Слова повисли в воздухе, острые и унизительные. Леди Изабель едва заметно улыбнулась в свой бокал, удовлетворенная унижением. Чарльз потупился, краснея от стыда за сестру. В глазах Маргариты вспыхнула ярость, столь же яркая, как пламя костра, на котором сжигали еретиков. Комок горечи и бессилия подступил к горлу. Она сжала кулаки под столом так, что ногти впились в ладони, оставляя алые полумесяцы.

Не глядя на отца, чье лицо стало багровым от гнева, она развернулась и вышла. Тяжелая дубовая дверь захлопнулась за ней с глухим стуком. В коридоре, освещенном тусклыми факелами в железных подсвечниках, Маргарита прислонилась к холодному камню стены. Дыхание срывалось, грудь вздымалась под тугой шнуровкой корсета. Унижение жгло изнутри.

Рождение дочери стало для читы Монфортов большой трагедией - лорд Годфри сокрушался на свою жену спутаньем с дьяволом и  требовал наконец родить ему наследника. Он истязал ее, иногда прибегая к пыткам. А леди Изабель истязала Маргариту. Приходя к ней в комнату каждую ночь, она аккуратно вынимала из детских ручонок тряпичного ангела, сшитого одной из прислуг, и придушивала, с наслаждением вслушиваясь в раздающиеся хрипы. Иногда ее могли остановить проходящие мимо слуги - тогда Изабель сквозь коматоз бросала ангела на пол и шатающейся походкой выходила прочь.

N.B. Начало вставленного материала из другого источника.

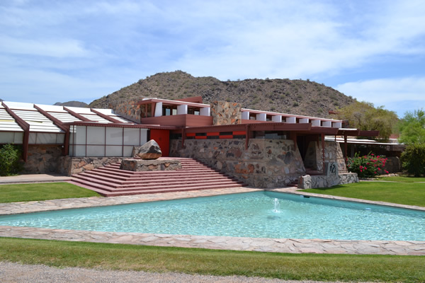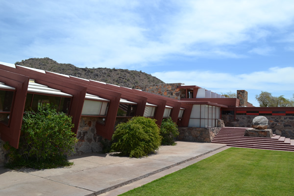 My next stop was the legendary Taliesen West, in Scottsdale. Frank Lloyd Wright, his life and career a mess, came west in the early 30’s to start an Architecture school. And he found a piece of pristeen desert land far from Phoenix to build his dream, a little desert utopia and laboratory.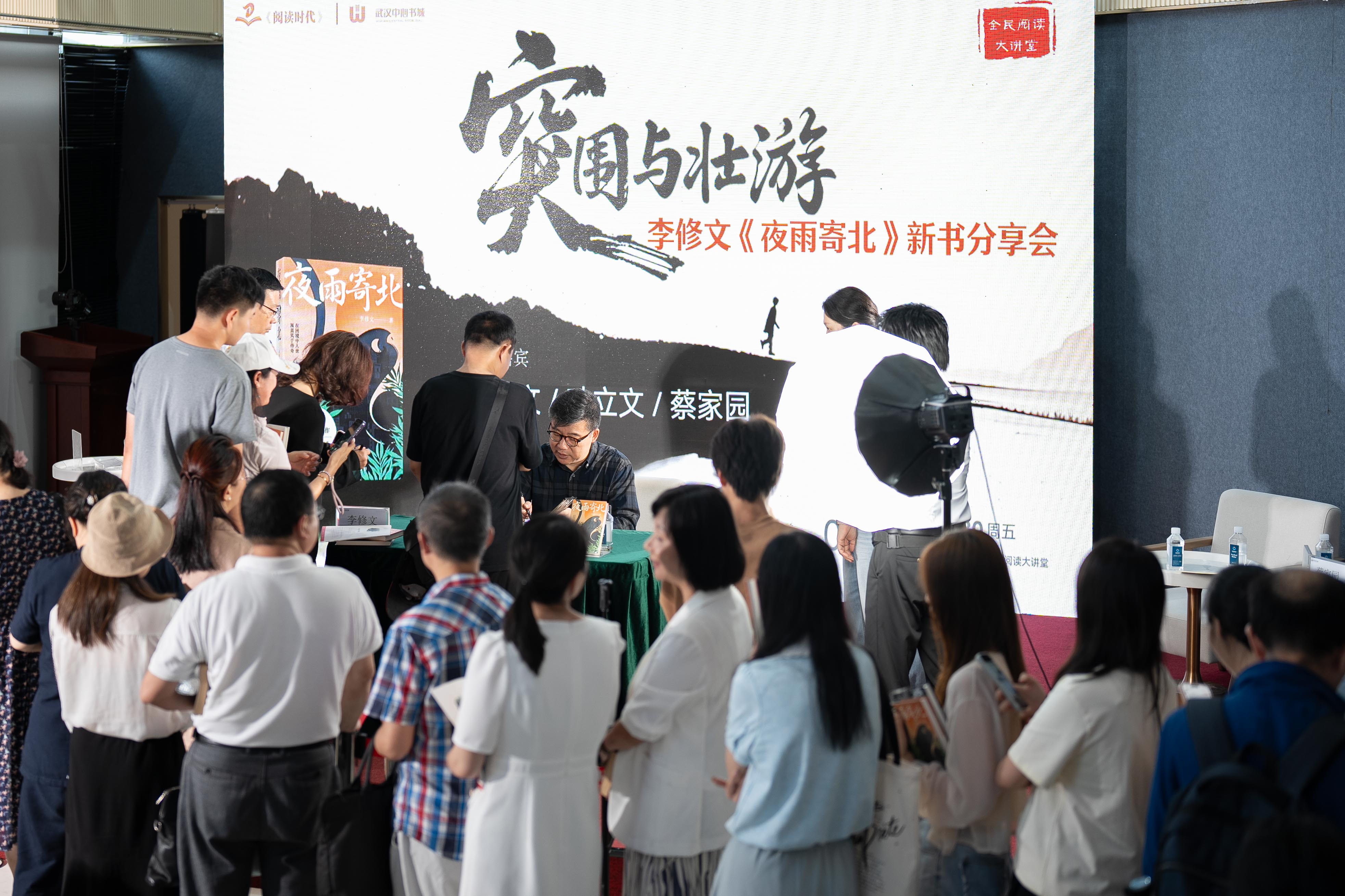 6月27日,武汉中心书城全民阅读大讲堂迎来一场文学盛宴——鲁迅文学奖得主、湖北省作协主席李修文携新作《夜雨寄北》亮相,与茅盾文学奖评委叶立文、蔡家园展开深度对谈。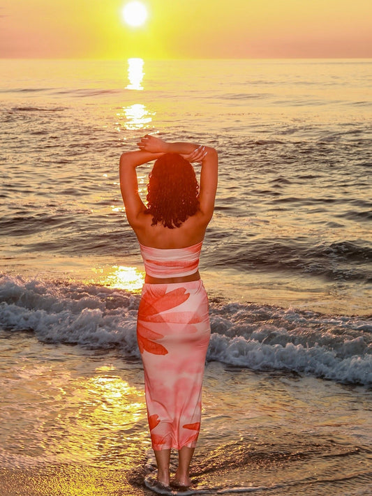 Flower Printed Off-Shoulder Slim Beach Long Floral Dress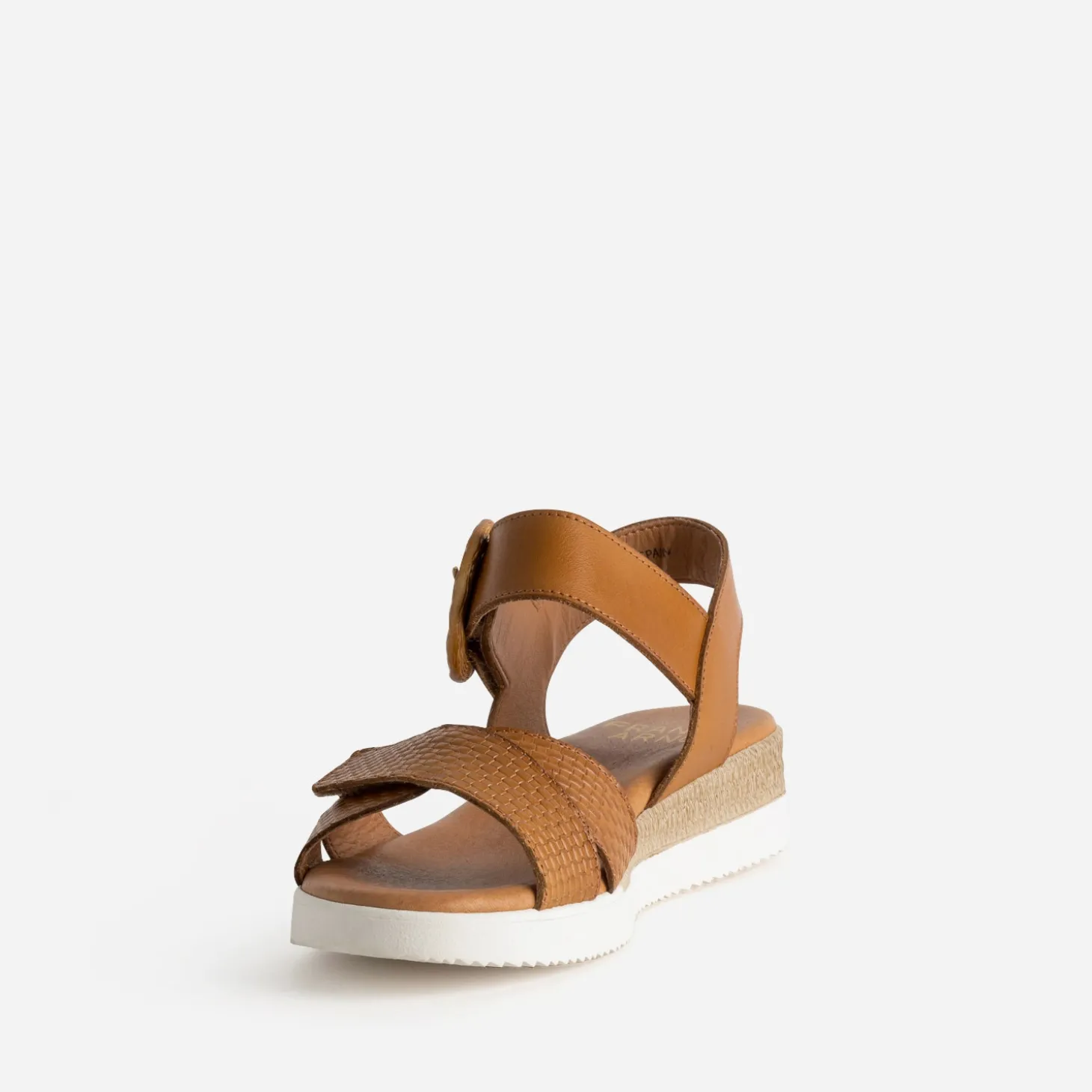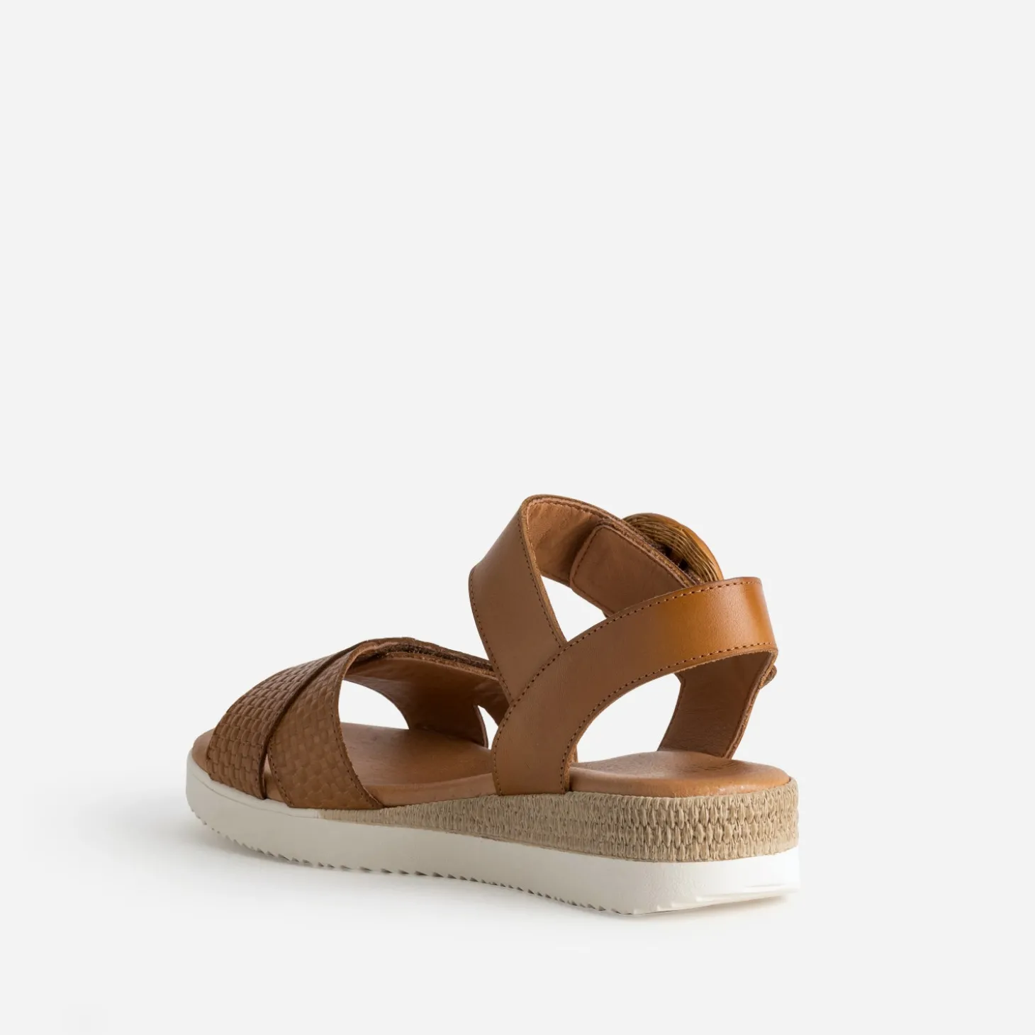 Les jeux de matières s’invitent sur cette sandale pour femme, en clin d’œil évident à l’artisanat : cuir embossé avec effet tressé, boucle façon rotin, semelle extérieure bi-matière légèrement compensée. Afin de ne pas négliger votre confort, elle est montée sur une semelle première moussée, avec bride ajustable par scratch. Un modèle en cuir cognac, facile à accorder avec des nuances de beige et de marron.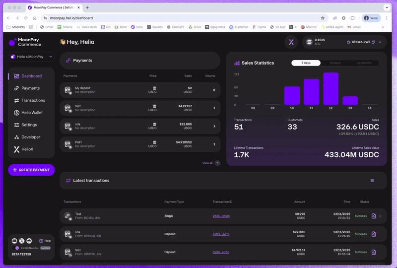 - MoonPay Commerce detects balance and auto-bridges/swaps the crypto to your preferred currency & recipient wallet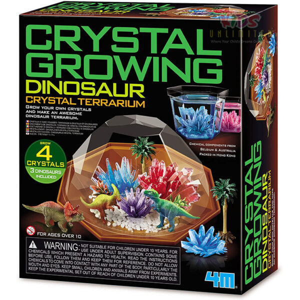 Kids and parents can grow the crystals and arrange the terrarium as a family activity

Спустя четыре года после рождения Маргариты особняк вновь разразился радостными новостями - наследнику быть. Изабель расцвела, как ядовитый дурман: ее пшеничные волосы струились шелком, взгляд голубых воспаленных глаз светился, а кожа приобретала здоровый розовый оттенок. Она бродила по саду, лаская белые розы, улыбалась солнцу, слугам, птицам - всему, но не дочери. Любовь уходила корнями в землю под ногами Изабель, питая нерожденного брата.

Даже тогда, когда все внимание уходило Чарльзу, Маргарита старалась быть примерной сестрой. С самого дества братцу прививали будущее судьи - преемника Годфри. Он читал книги из личной библиотеки отца, куда дочери доступ был закрыт, но Чарльз, испуганно озираясь от каждого шороха, тайком прибегал в комнату сестры с толстенными томами, и они до утра, лишь при свете свечей, читали древние тексты вместе.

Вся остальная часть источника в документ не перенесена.